Inorganic whole rock geochemical and magnetic susceptibility (χ) data have been gathered from seven sections through the Upper Miocene reef complexes of the Llucmajor Platform, Mallorca. The aim of acquiring these data is to determine what chronostratigraphic information a combination of magnetic susceptibility stratigraphy (MSS) and chemostratigraphy can provide in reef complexes of a carbonate platform with no nearby source of terrigenous material.

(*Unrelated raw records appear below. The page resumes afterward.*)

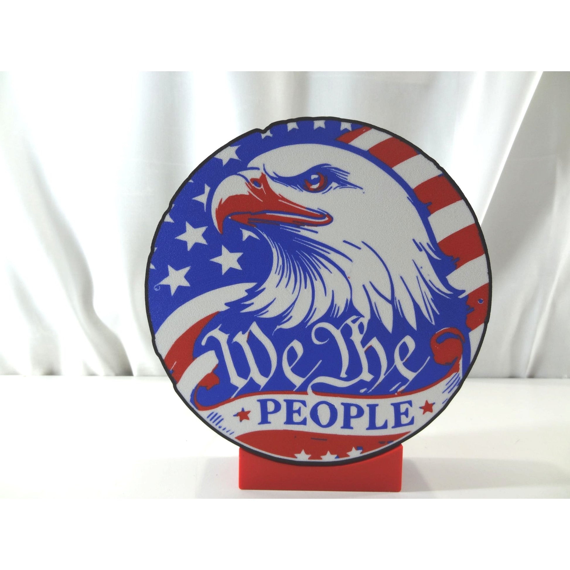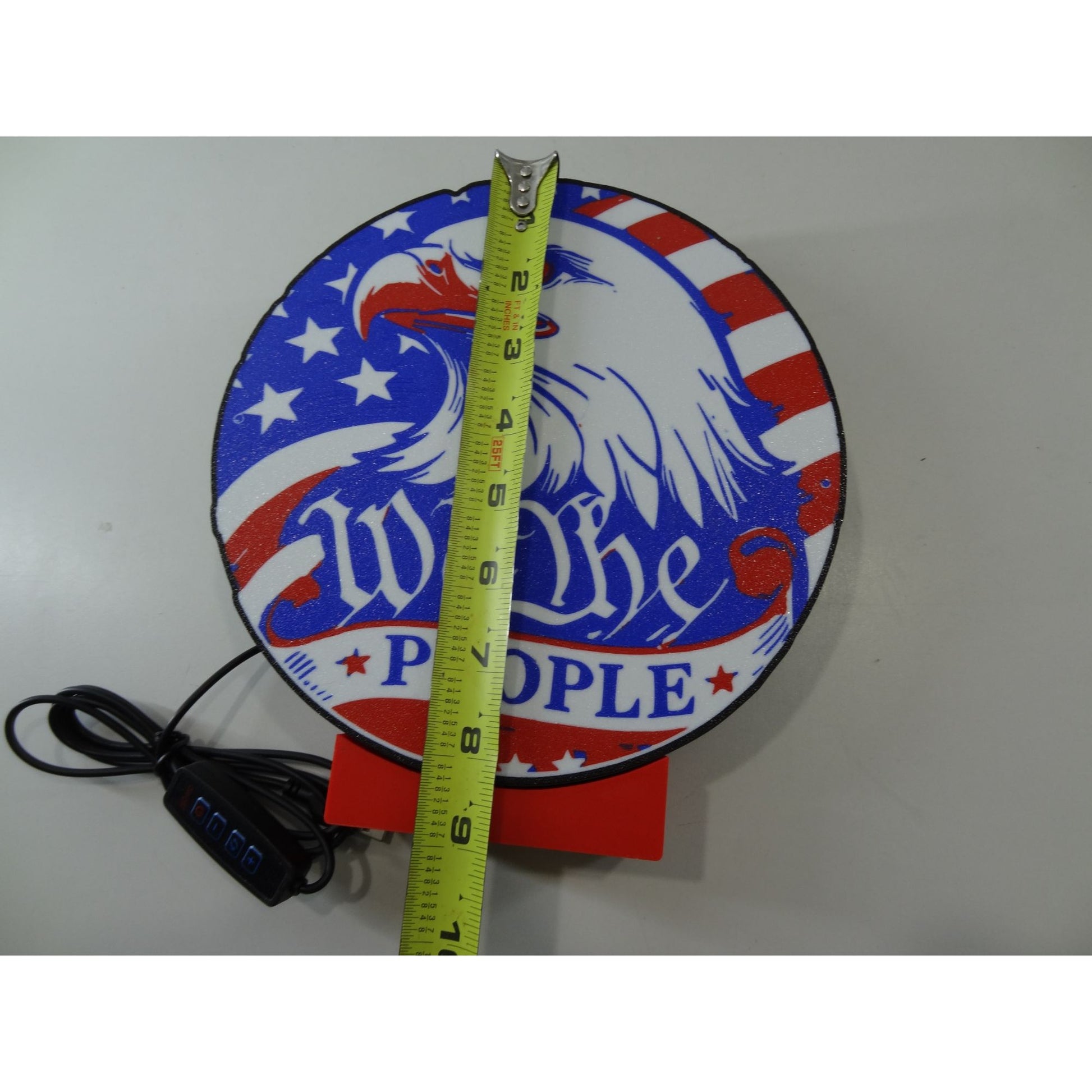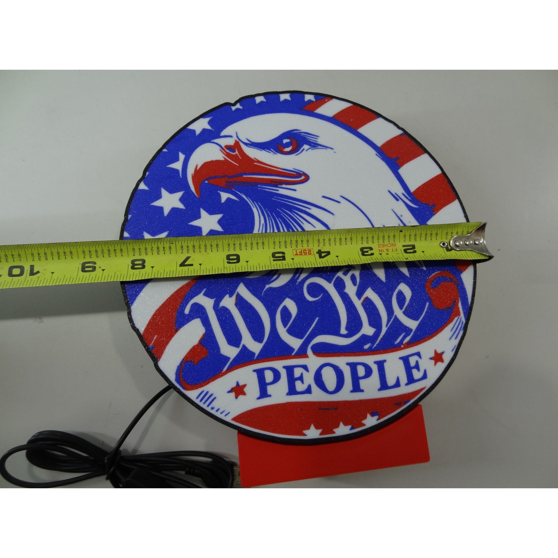 Patriotic LED Light-Up USB Sign With "We The People" Design American Flag & Bald Eagle Artwork 9" Diameter
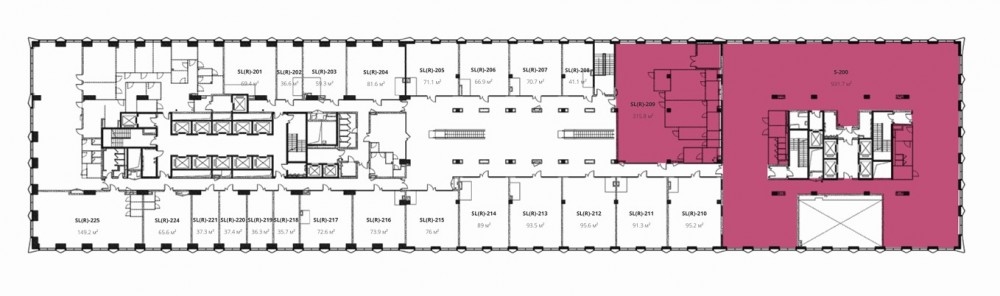 2 этаж 2х этажного стилобата соединяющего 2 офисные башни высотой 23 и 12 этажей, площадь помещения 315,8 кв.м., первая линия, витринное остекление, открытая планировка, потолки 4 м., электроэнергия 20 кВт (есть техническая возможность для увеличения.
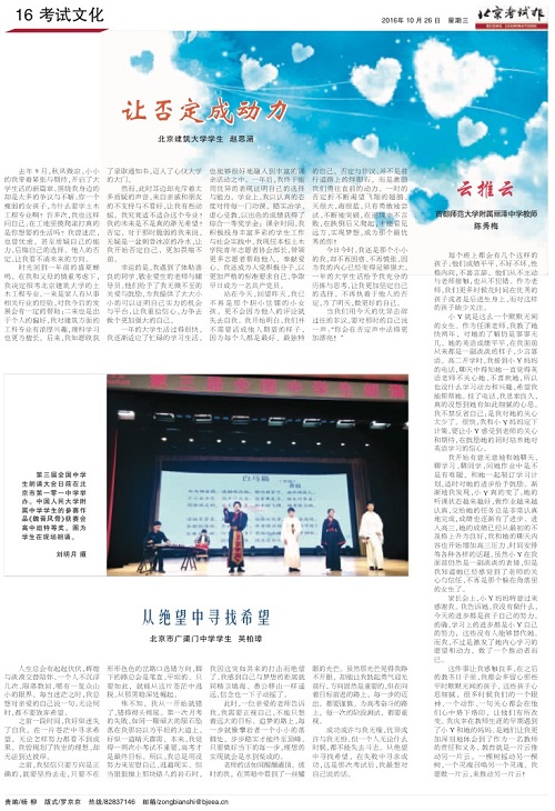 站在今天,回望昨日的自己,我已不再是那个胆小怯懦的小女孩,因为他人的评论就失去自我。我更开始明白,我们并不需要活成他人期望中的样子,因为每一个人都是最好、最独特的自己。否定与非议,并不是我们前行道路上的绊脚石,而是激励我们勇往直前的动力。不要被一时的否定桎梏住渴望飞翔的翅膀,天很大、海很蓝,只有勇敢地尝试、不断地突破,在逆境中不言败,在跌倒后又爬起,才能看见远方、实现梦想,成为那个最优秀的你!
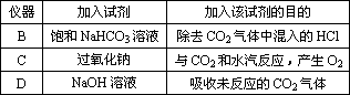 (3)2Na2O2+2CO2 (4)把E中的导管移出水面,关闭分液漏斗活塞,用拇指堵住试管口,取出试管,立即把带火星的木条伸入试管口内,木条复燃,证明试管中收集的气体是氧气 思路解析:过氧化钠作为供氧剂,是与水蒸气和二氧化碳反应生成氧气,本题需制取二氧化碳气体并检查生成的氧气.实验室中用碳酸钙与盐酸反应生成二氧化碳气体,但要除去混在二氧化碳中的氯化氢气体,可用饱和的NaHCO3溶液.然后二氧化碳气体与过氧化钠反应生成氧气,可收集并检验氧气,但需除去混在氧气中的二氧化碳气体,可用氢氧化钠溶液,氧气检验可用带火星的木条检验. |
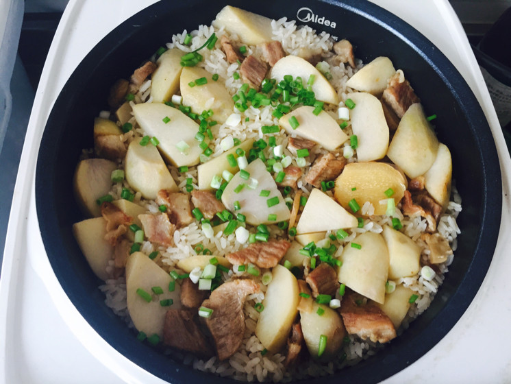 9:把米饭芋头都盛出装进电饭煲或者压力锅都可以
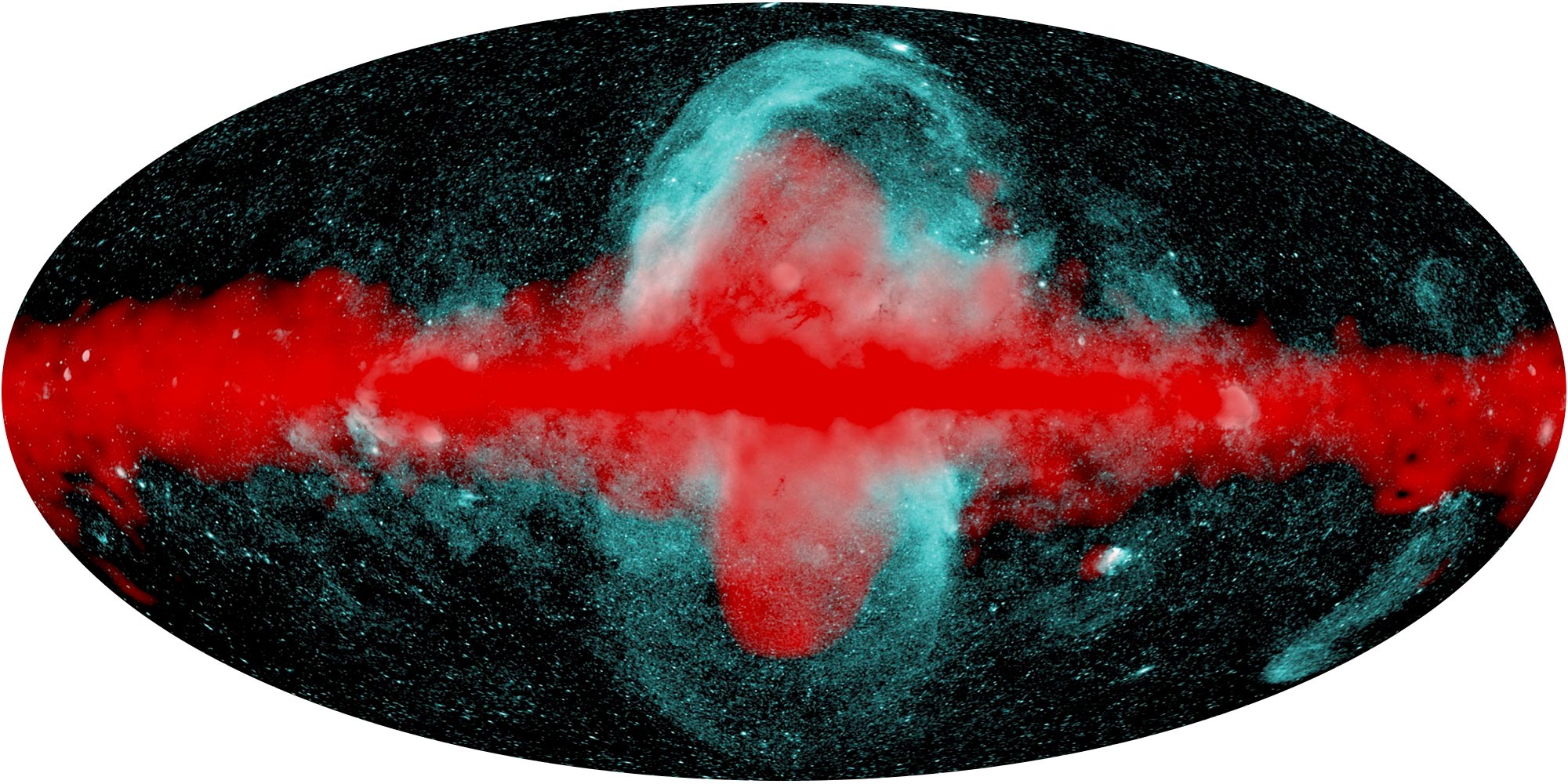 The map traces X-ray bubbles that stand an estimated 45,000 light-years tall, engulfing the gamma-ray Fermi bubbles. Their X-rays shine from gas that measures 3 million to 4 million degrees Kelvin as it expands outward at 300 to 400 kilometers per second. And not only does the northern bubble align perfectly with the spur, its mirror image is obvious as well, just as Sofue predicted. “I was particularly happy to see the southern bubble clearly exhibited, so similar to my simulation,” he said.
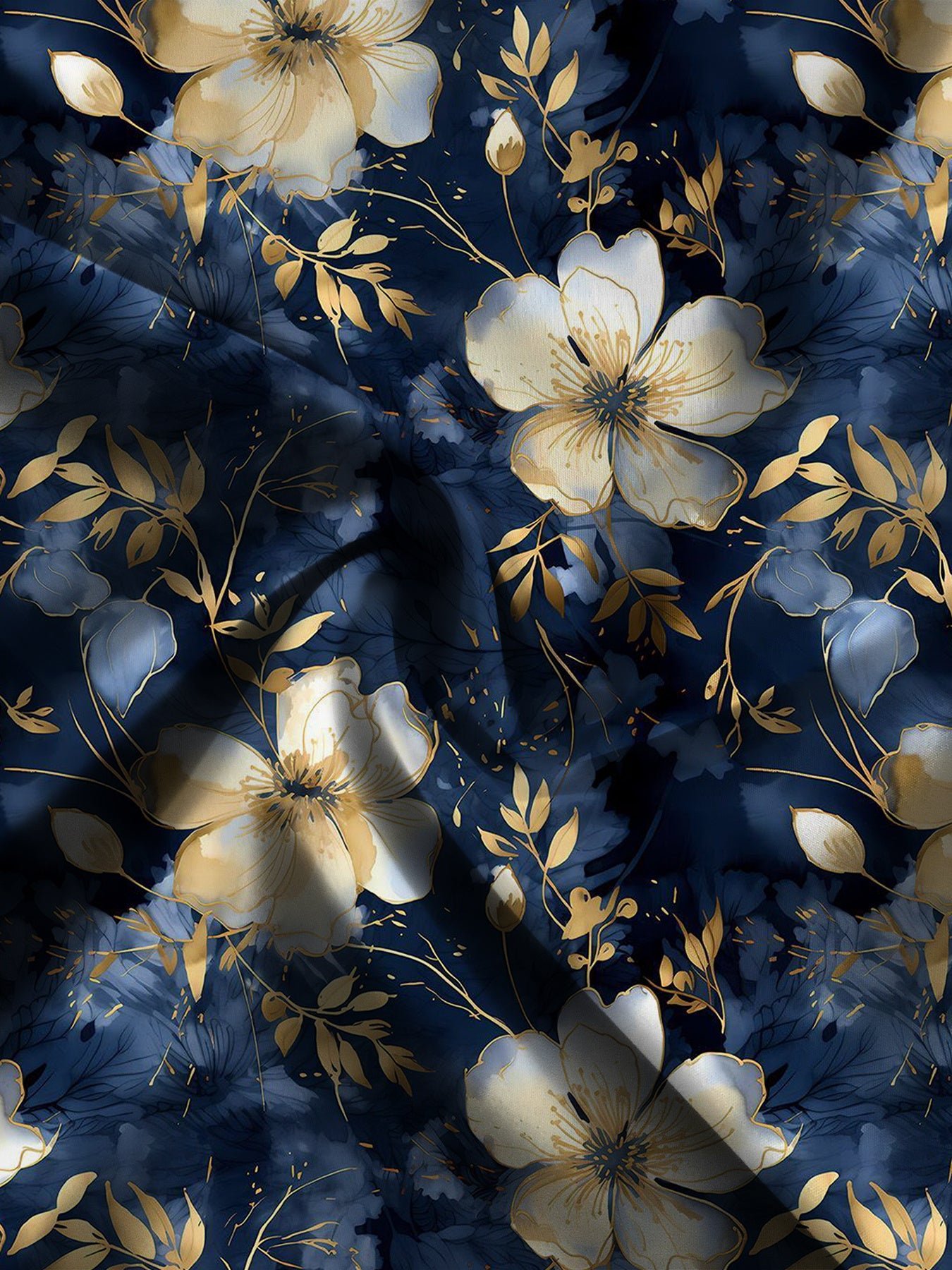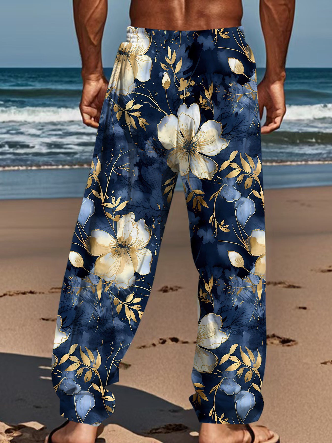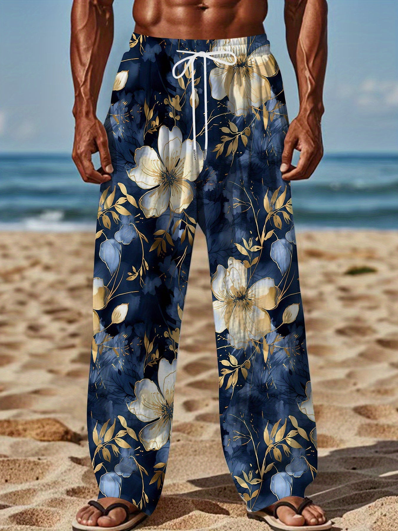 Discover the perfect blend of comfort and style with our Men's Vintage-Inspired Floral Print Straight Leg Pants. Crafted from 100% polyester, these navy blue trousers feature a stunning all-over print of white and golden flowers, making them a trendy choice for both teens and adults. With their loose fit and machine washable fabric, these casual wear pants are ideal for any occasion.

Chi values display short-term cyclical fluctuations, maximum values commonly being associated with the upper bounding surfaces of sigmoids and sigmoid sets, the building blocks of the Llucmajor reef complexes. Values of χ are low at the bases of the sigmoids; they reach a maximum at the top of the sigmoids, and then fall rapidly to the base of the next sigmoid, indicating a base-level control on χ values. No longer term variation in the χ values have been identified that would enable differentiation of an old reef complex from one that is demonstrably younger in the cliff sections, and there is no apparent facies control on χ values. While the elemental data do not vary in response to base-level fluctuations and therefore do not define stratigraphic surfaces, they do show long-term variations, enabling reef complexes of differing ages to be geochemically characterized: the key to defining chemostratigraphic schemes. The elements used to characterize different age reef complexes are Cr, Zr, Al2O3, TiO2, Ga, and Rb, which are controlled by changes in the amount and composition of wind-blown terrigenous material and tuffaceous material. As such, the changes are chronostratigraphic events on the scale of the study intervals here. Although the two datasets used are both ultimately controlled by the mineral composition of the sediments, it has proved impossible to find a direct link between the elemental data and χ values.

Despite the lack of an understanding of the relationship between whole rock geochemistry and χ values for this dataset, they clearly provide a means to (1) define stratal surfaces that relate to base-level fluctuation and (2) recognize reef complexes deposited at different times. Therefore, the combined approach adopted here for the Llucmajor reef complex has the potential to provide cross-facies chronostratigraphic correlations in detached platform carbonate settings, and since both methods can be applied to core and cuttings samples, the approach could work in subsurface settings where samples would be from well bores.